What view should a security individual working in the security space have? What’s their role? Should they know software development, or only security? Should they do testing, or should they only provide direction, what level of direction should they provide? What is their responsibility within the organization, what personal and ethical responsibility do they have? – These any many more questions answered! This is my declaration of what a security engineer should be like and their thoughts /views I expect any person working within the security space I hire to share on some level.

Engineer No Evil

As a person working in security, you’re going to know the organization’s most dirty laundry, you’ll quickly learn to discover where the vulnerabilities are and are not. You must keep this this information confidential and exercise good judgement with whom to share this information and when to share this information. You likely have advanced knowledge of tools which can be used to exploit said vulnerabilities, and/or the programming ability to do so. You must act in a manner protecting your organization from the vulnerabilities you have knowledge of at all times. You must never attempt to exploit your organizations security vulnerabilities for your own benefit, outside of the organization.

Be Professional

A security engineer should conduct himself/herself with professionalism, honesty and decorum. You’re dealing with a sensitive topic and there are going to be disagreements, discussions that you will feel you’ve won at times and at times lost. You must conduct yourself in a professional manner. There are often things beyond even security that need to be considered always. You should not let these situations dissuade you from your professional duties bring up the next issue, act with professionalism and don’t be afraid to speak out about vulnerabilities.

Understand the Business

In addition to being a professional and engineering no evil within your own organization, do not attempt to hack other businesses, groups or social engineer people on your own time. Your actions whether you’re being paid for your time or not are a direct reflection on the organization you work for. If you get caught as a security engineer attempting to infiltrate another business, that will cast serious questions on the business that you work for. You have the tools to do illegal things, don’t!

Don’t do any outside security work on the side for other organizations. You have no idea the business relationships that may or may not exist within a large organization. Doing outside work gives the appearance you’re not fully dialed into your own work, and may damage your organizations business relationships on a larger scale.

When you leave your current place of employment regardless of the terms that you’ve left on you’ve got the ability to cause substantial harm, because of the dirty secrets you possess. Be an ethical professional engineer and see item no. 1 engineer no evil.

Take time to learn the business I firmly believe that every technical person should spend some time job shadowing and learning the business that they are working in. Learning the business will be incredibly beneficial, in 5 Habits of Highly Effective Security Leaders Sarah Vonnegut talks extensively about aligning security as a business enabler throughout the organization, I agree completely with her thoughts on this. Attaining alignment on these items is impossible if you don’t clearly understand the business and how the business functions. The business is your bread and butter, it’s what drives the money that allows you to get paid, the technology and security aspect you bring to the table is critically important but not more important then the business itself.

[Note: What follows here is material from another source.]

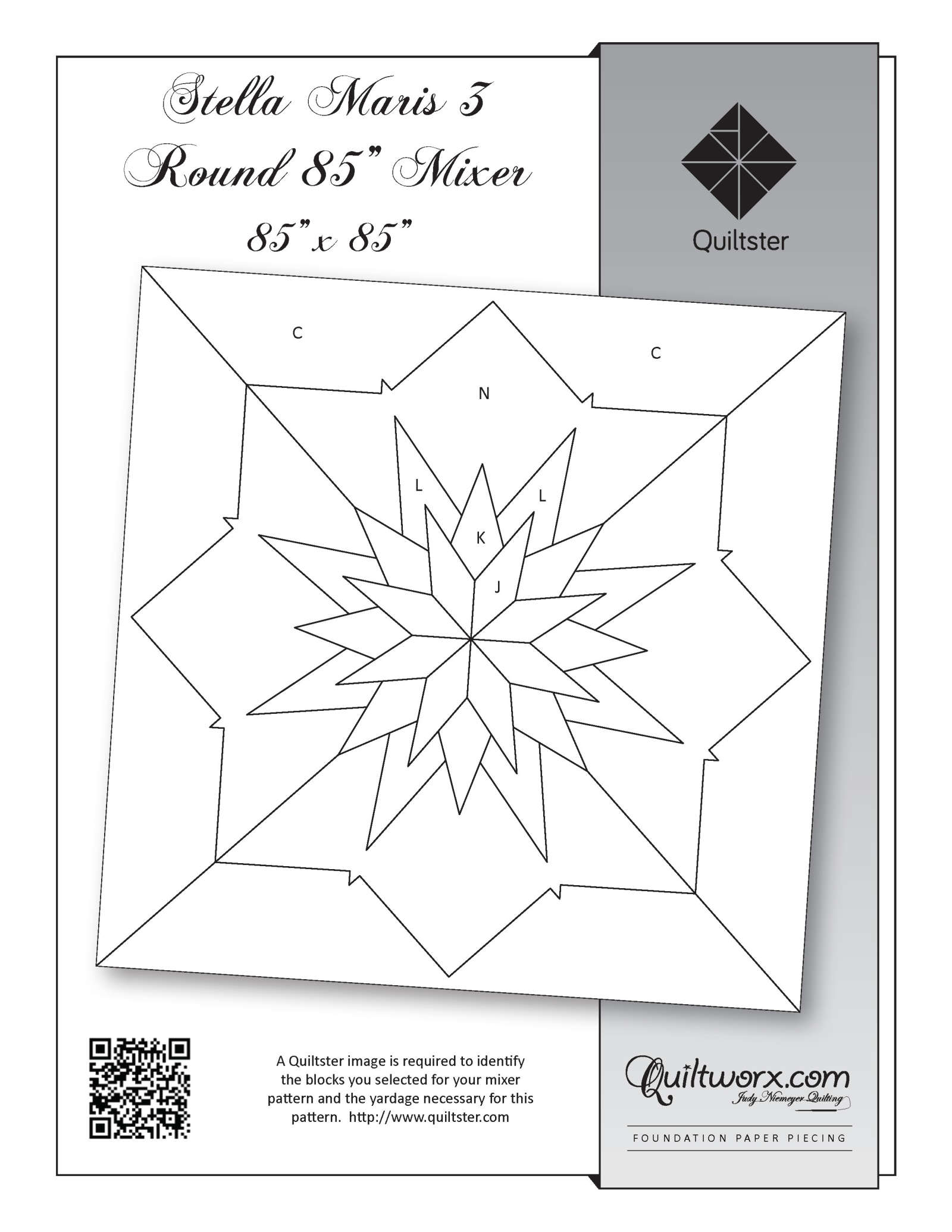 This mixer combines blocks from the Stella Maris series and the Meadow Star Mixer series with a group of 268-N blocks that can be used between the Stella Maris centers and Meadow Star 85" borders. For this quilt you need (1) package of your choice of the following: JNQ00268-J JNQ00268-K JNQ00268-L JNQ00268-N JNQ00264-C

You also have to understand that security cannot be obtrusive to the business as Vonnegut said, security must be a business enabler. If the security is too obtrusive and opaque, users can’t use the technology, and I’ve said this before what’s the point. The most secure website in the world is one which nobody uses, it’s also the least profitable.

Continue to Learn

Your security skills don’t stop when you leave university, college, CISSP training or whatever other training there is out there, you need to continue to learn, new technologies constantly mean new attack vectors and new security vulnerabilities. You should find read, new blogs, books articles. Find the authors you like & follow them on twitter, so that you can see when new information comes out. Look to the Information security leaders, learn how to become a leader yourself.

Your learning shouldn’t be limited to the environment on the space you work within, you need to keep yourself relevant and become an expert in the security space you’re currently working in, but also maintain a broader knowledge of practices procedures such that you can move to a different organization or business unit with relative ease. Security is an emergent topic that grows more everyday, it’s not an industry in which you can silo yourself rather the information security is a space that transcends silos. A security engineer that silos themselves is someone that will quickly become ineffective.

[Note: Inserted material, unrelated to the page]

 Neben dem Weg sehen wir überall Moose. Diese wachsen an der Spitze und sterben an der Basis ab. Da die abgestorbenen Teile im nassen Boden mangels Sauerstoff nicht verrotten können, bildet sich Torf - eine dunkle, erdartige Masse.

Keep on top of your tool set, share your knowledge and learn, a highly effective security leader is a life long autonomous learner.

Learn How to Program

The most effective security engineers are the ones that know how to write code. This makes them effective for many reasons, when you write code and in order to do so you really need to understand technology and how technology works. Writing software allows you to understand and explore basic concepts such as network programming, web programming, desktop development and services and options there within.

This will help you understand how to work with software developers and architects better to explain why some code is vulnerable or not, what the right thing to do is when presented by a difficult security challenge in code. You may also be asked to help write secure coding standards or best practices for software security and if you don’t understand various aspects you’re at the mercy of Google to help you figure those out, yes Google will get you started however to truly be effective you must also understand what you’re writing about.

Even if your organization does no software development in and of itself, understanding how to write software will help you to gain a better understanding of how the various security tools you’re using work.

I was once asked why a security tool only reported 4% of the vulnerabilities it should have reported, various people I asked did not know only saying this is how I use the tool and therefore if the tool doesn’t report a vulnerability it shall not exist. – Through a deeper investigation I discovered that this was actually not the case at all, there was some code executing in an HTTP handler module that was preventing the tool from successfully completing the scan, with an intimate knowledge of programming I was able to logically deduce what was happening and in turn write a piece of software to circumvent the blocking procedure in the HTTP module, this allowed me to fully exploit the initial finding and subsequently identify more vulnerabilities.

Programming also allows for a quick proof of concept and creative testing policies. If you don’t know a programming language, I would suggest learning Python - it’s quick and it’s easy.

Improve Culture

For a reason that I cannot put my fingers on, the security still isn’t taken seriously, you cannot be a security engineer that says “Well I tried”. You have to come to work willing to educate, talk, beat, drive security initiatives, trying doesn’t cut it in 2015. You need to continually discuss and press the urgency of security issues within your organization.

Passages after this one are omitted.